Extracted data entries
● ● ●
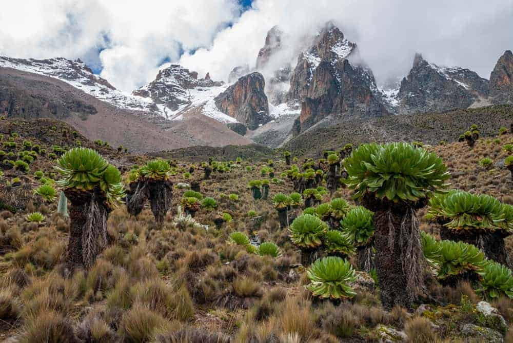 Mount Kenya is the second highest peak in Africa, at 17,057 feet (5,199 meters) tall. The mountain has three summits, two of which are technical peaks (Batian, and Nelion) and one of which is a trekking peak (Point Lenana). The trails offer spectacular, ever-changing scenery including brooding lava towers and glaciers. Naro Moru is the fastest route, and therefore the most popular one, it can be completed over three days.
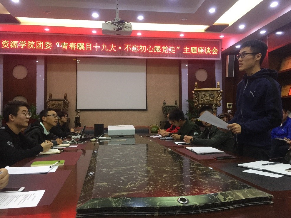 tyc5997太阳集团团委组织团员代表召开“青春瞩目十九大,不忘初心跟党走”主题座谈会,团员代表结合自己的学习生活,在会上热议学习十九大精神后的学习体会。团学联主席张彪表示,期待已久的党的十九大胜利开幕,令我即振奋又触动。习大大说:青年兴则国家兴,青年强则国家强。青年一代有理想、有本领、有担当,国家就有前途,民族就有希望。在新时代的召唤下,我们青年一代,要努力学习,做到品德高尚,基础厚实,专业精深,知行合一,接好实现中国民族伟大复兴中国梦的接力棒,完成时代赋予我们的使命。
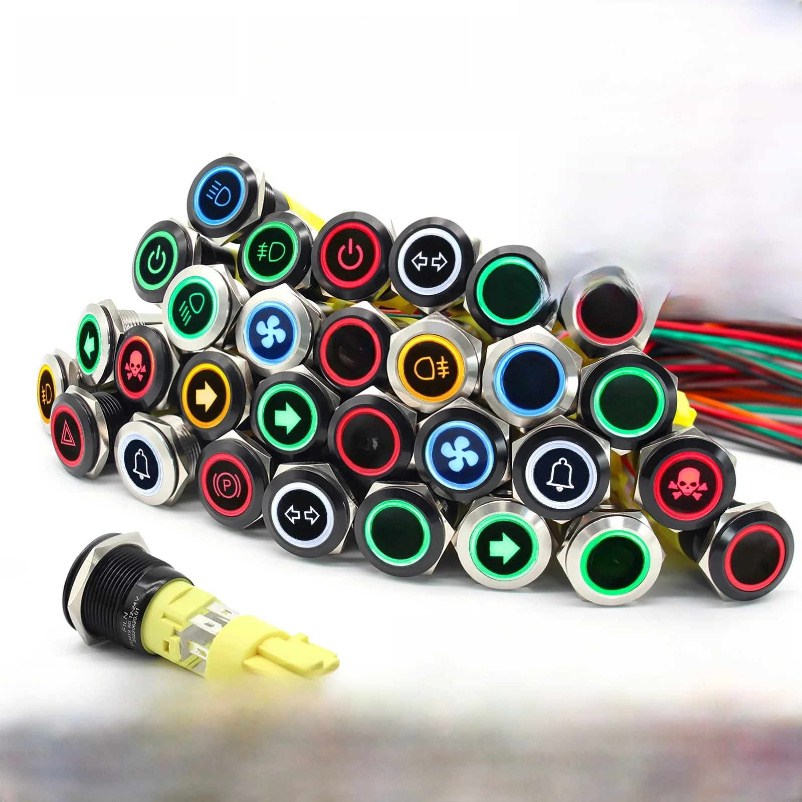 FILN 19mm 12V 24V LED acier inoxydable noir métal bouton poussoir interrupteur tableau de bord symbole d'avertissement ON OFF voiture course interrupteur de FILN est disponible chez 1 marchands. Comparez et trouvez le meilleur prix. A partir de 5,09 €.
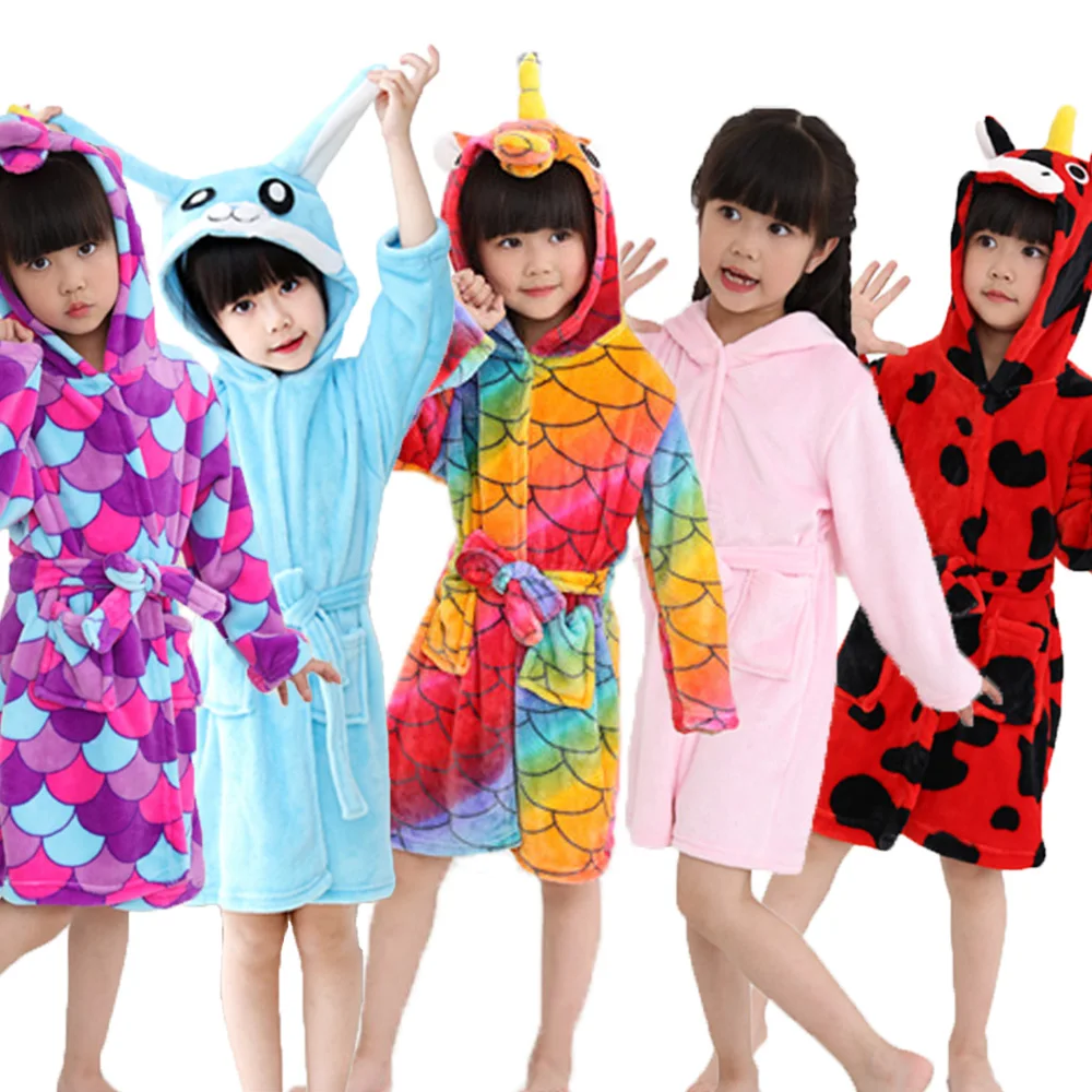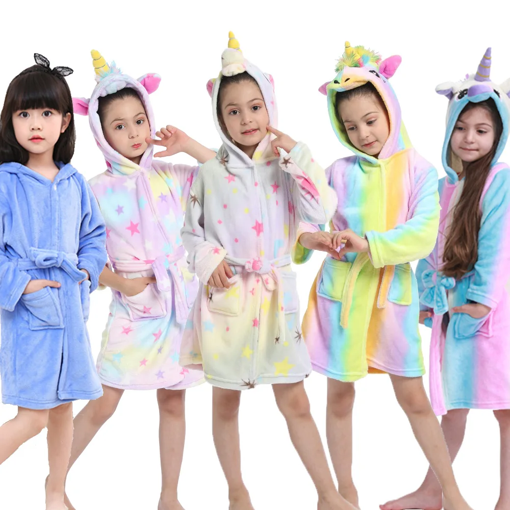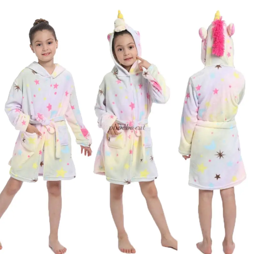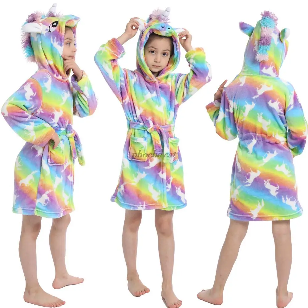 Детская ночная рубашка Единорог одежда для маленьких девочек полотенца Мультяшные Животные Детская одежда для сна халат мягкий теплый детский халат с капюшоном
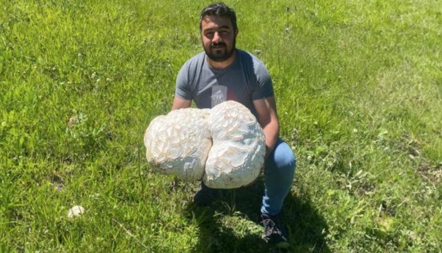 Sivas’ın Doğanşar ilçesinde kayayı andıran yaklaşık 13 kiloluk dev mantar görenleri hayrete düşürdü.
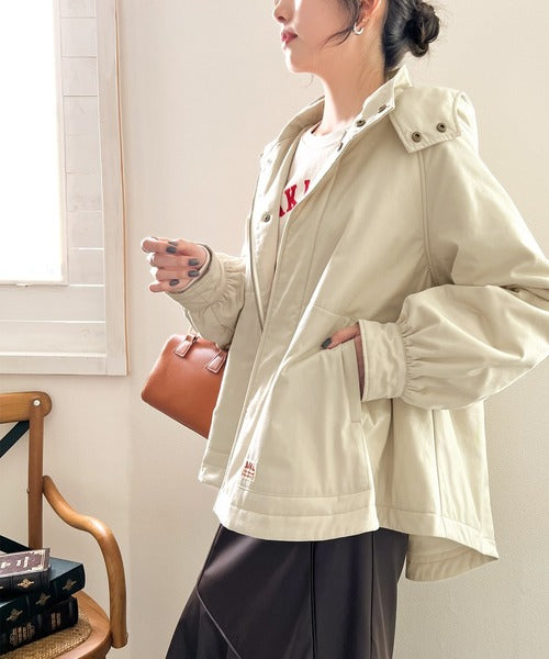 カジュアルなライトアウターにフレアの女性らしさを盛り込んだ1枚。
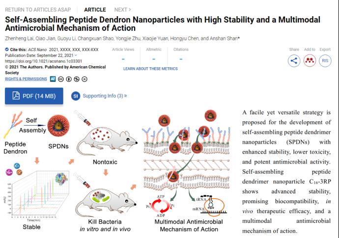 近日,公司u8国际平台单安山教授团队在国际顶级学术期刊ACS Nano(IF=15.881,中科院1区Top期刊)上在线发表了题为“Self-Assembling Peptide Dendron Nanoparticles with High Stability and a Multimodal Antimicrobial Mechanism of Action”的原创性研究论文。公司为该论文唯一作者单位,单安山教授为通讯作者,博士研究生来振衡同学为第一作者。
● ● ●
ASSIGNED TASK -
Omit the pictures. Print, word for word, the lines from the beginning of the entries above through the line that holds "カジュアルなライトアウターにフレアの女性らしさを盛り込んだ1枚。".

THE COMPLETED TASK -
 Mount Kenya is the second highest peak in Africa, at 17,057 feet (5,199 meters) tall. The mountain has three summits, two of which are technical peaks (Batian, and Nelion) and one of which is a trekking peak (Point Lenana). The trails offer spectacular, ever-changing scenery including brooding lava towers and glaciers. Naro Moru is the fastest route, and therefore the most popular one, it can be completed over three days.
 tyc5997太阳集团团委组织团员代表召开“青春瞩目十九大,不忘初心跟党走”主题座谈会,团员代表结合自己的学习生活,在会上热议学习十九大精神后的学习体会。团学联主席张彪表示,期待已久的党的十九大胜利开幕,令我即振奋又触动。习大大说:青年兴则国家兴,青年强则国家强。青年一代有理想、有本领、有担当,国家就有前途,民族就有希望。在新时代的召唤下,我们青年一代,要努力学习,做到品德高尚,基础厚实,专业精深,知行合一,接好实现中国民族伟大复兴中国梦的接力棒,完成时代赋予我们的使命。
 FILN 19mm 12V 24V LED acier inoxydable noir métal bouton poussoir interrupteur tableau de bord symbole d'avertissement ON OFF voiture course interrupteur de FILN est disponible chez 1 marchands. Comparez et trouvez le meilleur prix. A partir de 5,09 €.
 Детская ночная рубашка Единорог одежда для маленьких девочек полотенца Мультяшные Животные Детская одежда для сна халат мягкий теплый детский халат с капюшоном
 Sivas’ın Doğanşar ilçesinde kayayı andıran yaklaşık 13 kiloluk dev mantar görenleri hayrete düşürdü.
 カジュアルなライトアウターにフレアの女性らしさを盛り込んだ1枚。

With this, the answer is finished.